Data breach exposes clients’ personal information at one of Canada’s largest investment firms

Clients’ names, social insurance numbers and personal addresses were part of a data breach at one of Canada’s largest investment firms.

Clients’ names, social insurance numbers and personal addresses were part of a data breach at one of Canada’s largest investment firms.

Toronto-based Mackenzie Investments confirmed to CTV News Toronto on Wednesday that a third party vendor, InvestorCOM Inc., was compromised by a cyber security incident related to data transfer supplier GoAnywhere.

According to a letter dated April 27 that was sent to a client and obtained by CTV News Toronto, InvestorCOM informed Mackenzie of the incident on March 28. The letter was signed by Mackenzie President and Chief Executive Officer Luke Gould.

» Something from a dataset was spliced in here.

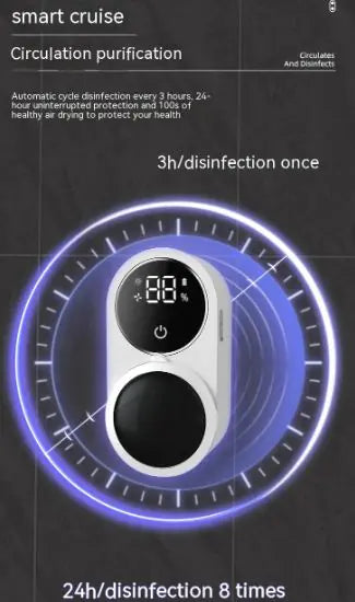 Combines cutting-edge technology with convenience to keep your toothbrushes clean and hygienic. Equipped with an intelligent sensor, the sanitizer effortlessly opens and closes with just a simple wave or touch, thanks to its motion-activated sensing lights. It uses scientifically designed cleaning methods to ensure your toothbrush stays free from germs and bacteria. The device also features intelligent cyclic purification, automatically circulating every 3 hours to provide continuous, round-the-clock protection for your toothbrush. With this sanitizer, you can trust that your toothbrush will remain clean and safe, providing peace of mind and enhancing your oral hygiene routine.

The account number, name, address and social insurance number of the Mackenzie client who received the letter last week were part of the data breach.

“For clarity, financial information, such as client holdings and account balances, was not exposed in the incident. It is also important to note that investors’ holdings in Mackenzie funds were not impacted and our systems have not been compromised,” the letter states.

Hackers took advantage of a zero-day vulnerability in GoAnywhere’s file transfer system and accessed customers’ data at the end of January, according to the company.

Organizations around the world were impacted by the ransomware attack, including Proctor and Gamble, Rubrik, and the City of Toronto.